En septembre 2025, le président Emmanuel Macron se tiendra devant l’Assemblée générale des Nations Unies et reconnaîtra l’État de Palestine. Ce sera un discours soigneusement rédigé, rempli d’appels à la paix, à la dignité et au droit international. Les flashs des caméras crépiteront, les diplomates applaudiront, et les gros titres proclameront un « moment historique ». Mais ne vous y trompez pas : la France ne reconnaît pas un État – elle reconnaît un cimetière.
D’ici à ce que Macron fasse sa déclaration, Gaza pourrait n’être plus qu’une terre calcinée, jonchée des ossements de ceux que le monde a choisi de ne pas sauver. Le geste de la France, aussi bien intentionné soit-il, arrive avec la ponctualité morbide d’une lettre de condoléances envoyée longtemps après les funérailles. Au nom de la diplomatie, Paris hissera un drapeau au-dessus des cendres.

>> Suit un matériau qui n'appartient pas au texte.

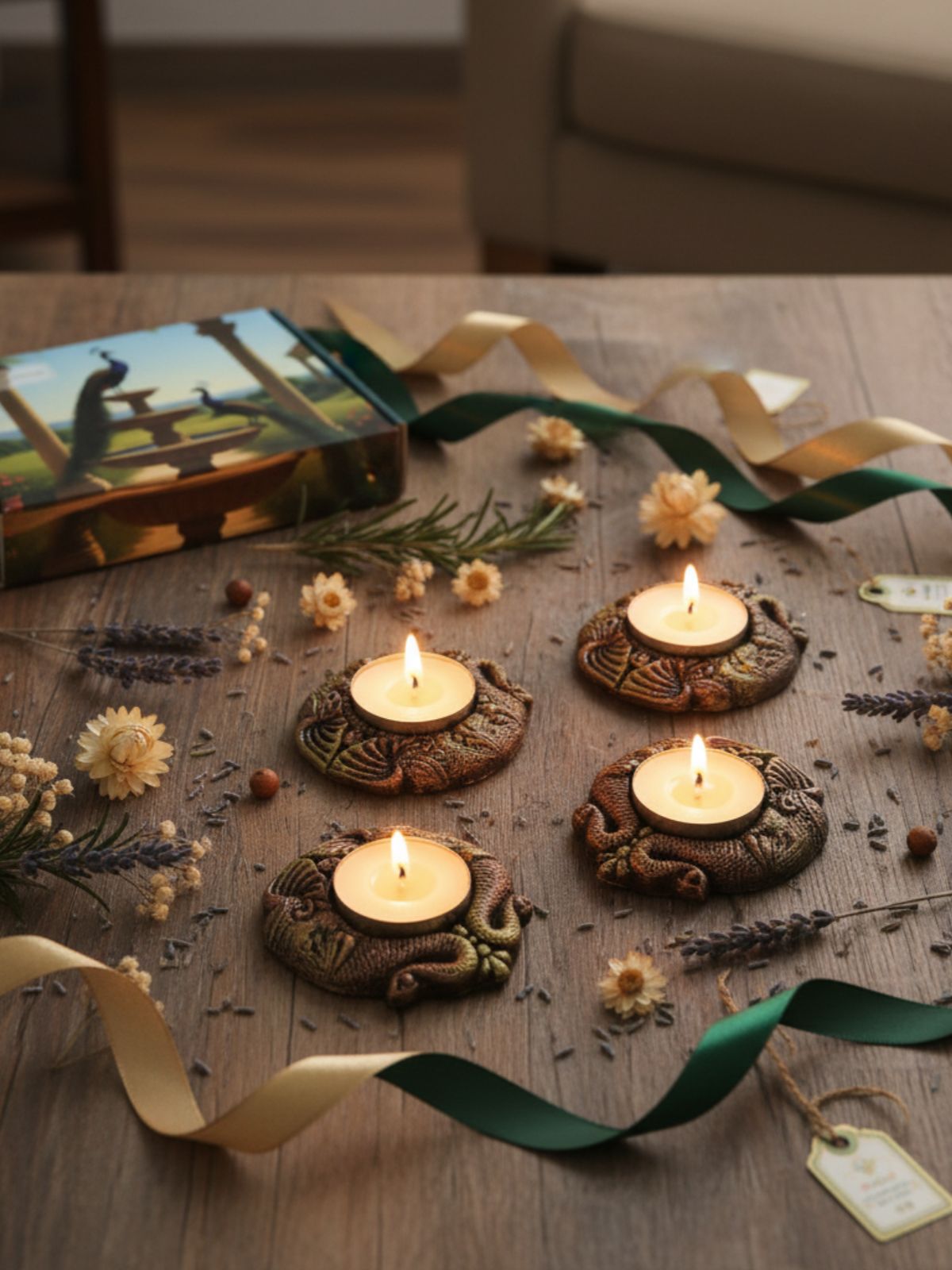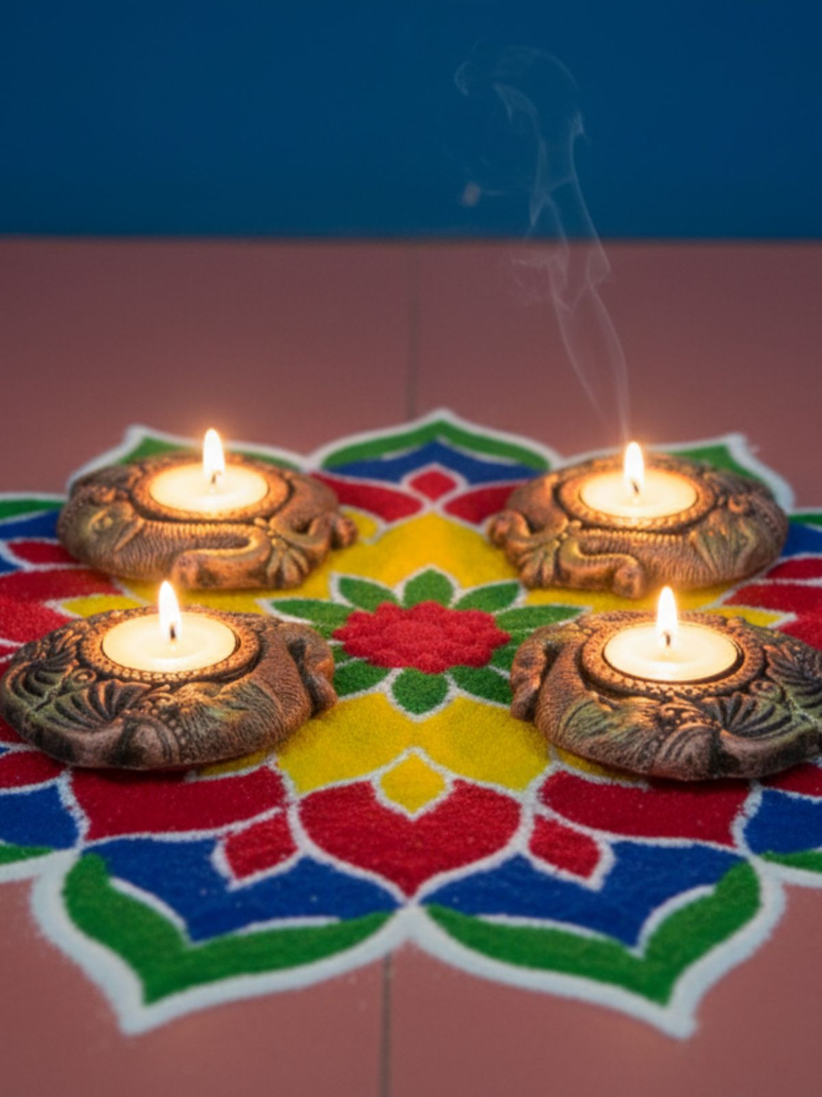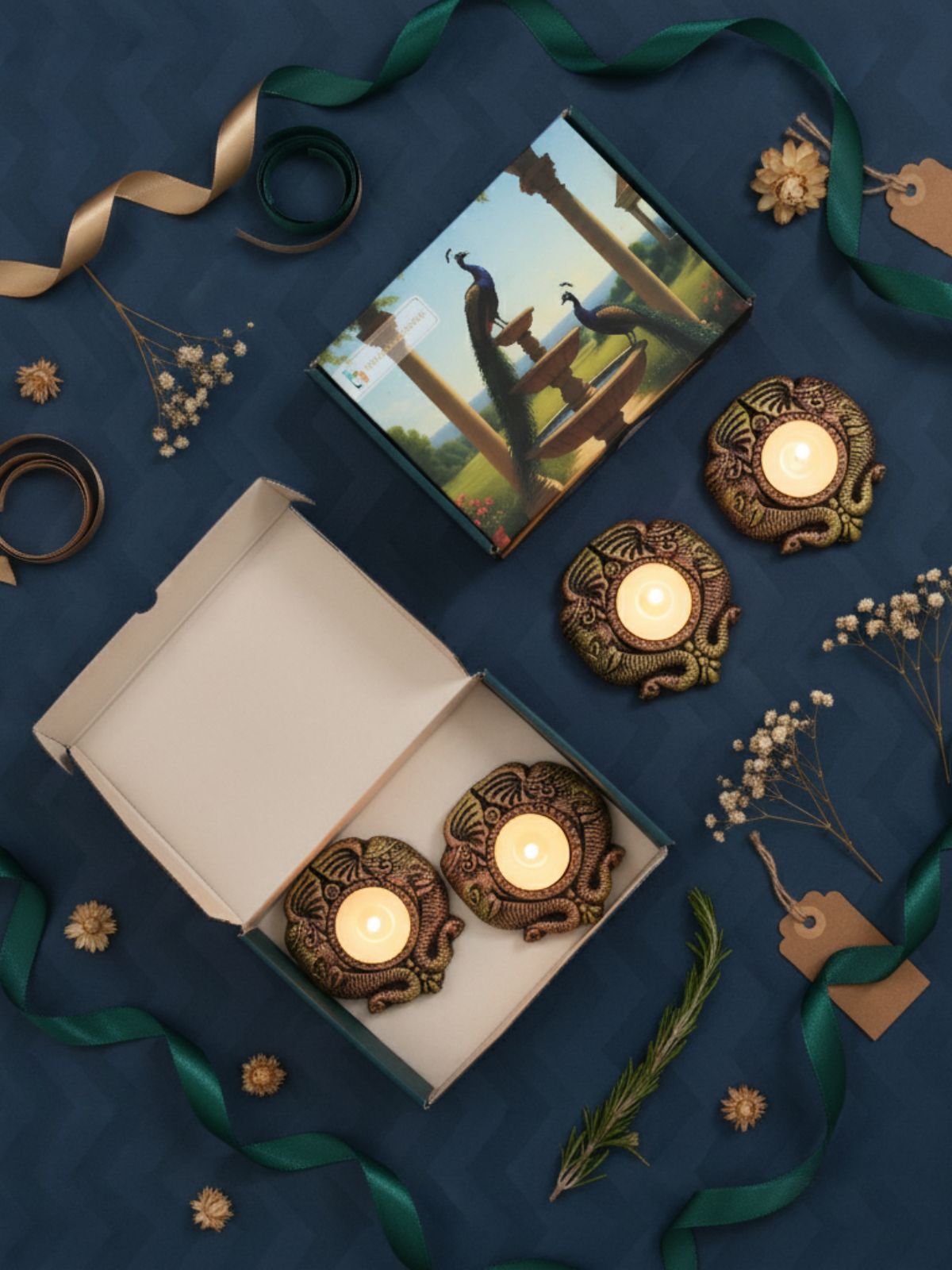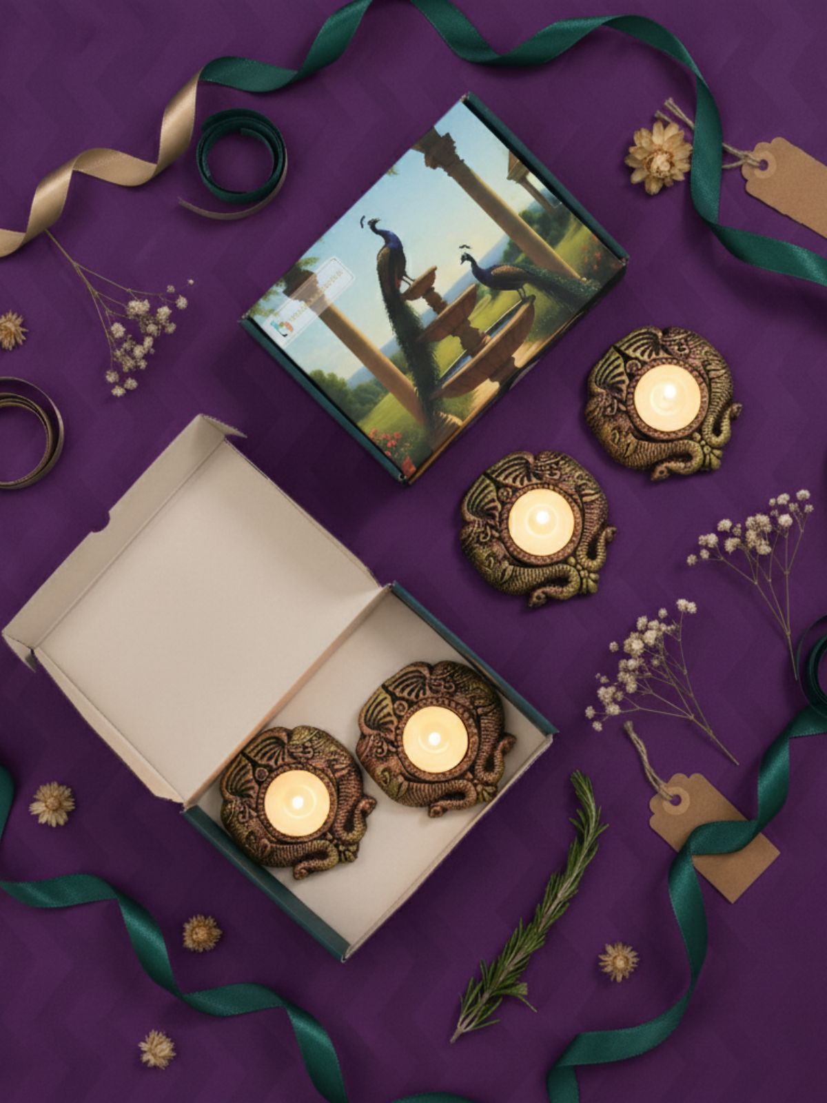 Each T light Candle holder is designed with fine detailing, making it not just a functional piece but also a decorative accent for your home. When lit, the soft glow of the T-light candles reflects beautifully off the intricate patterns, creating a warm and welcoming ambiance. Perfect for Diwali, weddings, puja ceremonies, or even as part of everyday décor, these candle holders transform any corner into a space filled with light and positivity.

La France affirme que sa reconnaissance vise à raviver la solution à deux États, dans le cadre d’un effort plus large pour la paix. Macron a énoncé les prérequis habituels : désarmer le Hamas, libérer les otages, réformer l’Autorité palestinienne. Sur le papier, cela semble raisonnable. En pratique, cela ressemble à une satire. Gaza est sous un siège total. La Cisjordanie est annexée en temps réel. Et la France demande aux Palestiniens – dont beaucoup meurent de faim, sont déplacés ou morts – de mettre de l’ordre dans leur politique avant de pouvoir être reconnus comme un peuple.
Ce serait risible, si ce n’était pas trempé de tant de sang.
Soyons clairs : Gaza est une prison, et ses détenus meurent de faim. Depuis mars 2025, Israël impose un siège total – par terre, air et mer. Tous les points de passage frontaliers sont sous contrôle israélien. Aucun journaliste étranger n’est autorisé à entrer. Aucun convoi d’aide internationale n’est permis. Le blocus naval reste pleinement en place. Rien n’entre. Personne ne sort.
Ce n’est pas une crise humanitaire. C’est une famine orchestrée par l’homme, conçue avec une précision bureaucratique.
Les Nations Unies et la Conférence internationale pour la paix ont toutes deux confirmé que Gaza est désormais en phase 5 de famine – la famine de masse. Plus de 70 % des terres agricoles ont été détruites. Les usines de dessalement d’eau ont été bombardées ou privées de carburant. La plupart des gens boivent de l’eau salée ou contaminée, quand ils boivent.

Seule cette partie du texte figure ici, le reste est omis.